"""

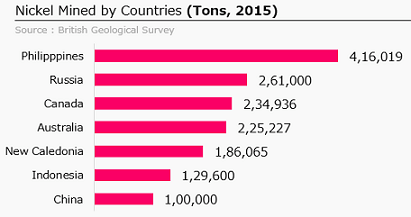 2015 年,主要生产商仅持有高达20% (菲律宾采矿)和30% (中国炼油)的份额。 据估计,澳大利亚拥有全球24%的储量。
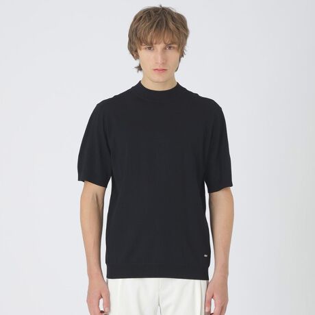 スッキリとしたシルエットに仕上げ、衿はやや高めのモックネックを採用したニットTシャツ。オトナで上品な見映えはスーツやジャケットのインナーとしても活躍します。オンオフどちらでも対応でき、春から秋まで3シーズン着用できるスマートなデザインのニットです。
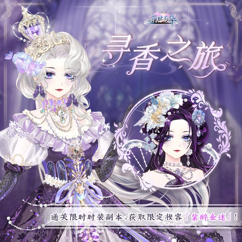 三月春回,柳姝邀你至蓬莱殿中,开启一段体验神秘香水的奇妙之旅。时装副本与限时时装卡池【盛筵香颂】同期开放,揭露崭新时装背后的故事。完成挑战可以获得限定妆容【紫醉金迷】!
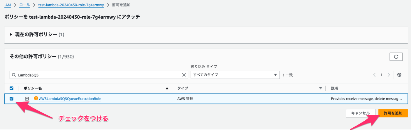 次に トリガーとして SQS を選択するのですが、その前に Lambda にアタッチされたロールにポリシーを追加します。
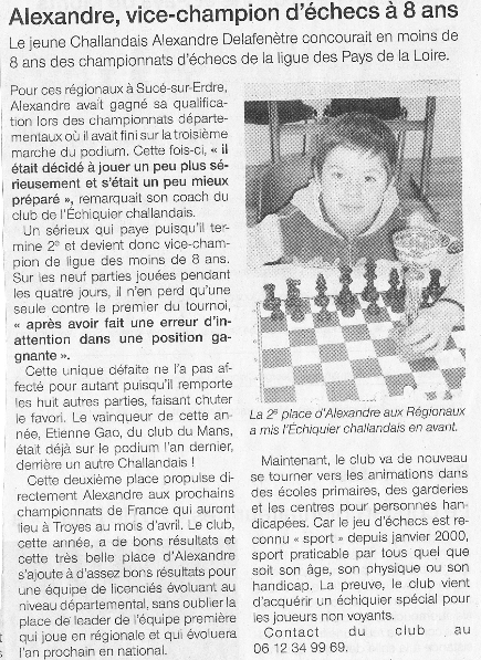 Ouest France, mars 2010 : Alexandre Delafenetre, vice-champion régional jeune.

"""

» **Directions for this task**
With the images left out, output all the entries above exactly.

» **Solution to the exercise**
 2015 年,主要生产商仅持有高达20% (菲律宾采矿)和30% (中国炼油)的份额。 据估计,澳大利亚拥有全球24%的储量。
 スッキリとしたシルエットに仕上げ、衿はやや高めのモックネックを採用したニットTシャツ。オトナで上品な見映えはスーツやジャケットのインナーとしても活躍します。オンオフどちらでも対応でき、春から秋まで3シーズン着用できるスマートなデザインのニットです。
 三月春回,柳姝邀你至蓬莱殿中,开启一段体验神秘香水的奇妙之旅。时装副本与限时时装卡池【盛筵香颂】同期开放,揭露崭新时装背后的故事。完成挑战可以获得限定妆容【紫醉金迷】!
 次に トリガーとして SQS を選択するのですが、その前に Lambda にアタッチされたロールにポリシーを追加します。
 Ouest France, mars 2010 : Alexandre Delafenetre, vice-champion régional jeune.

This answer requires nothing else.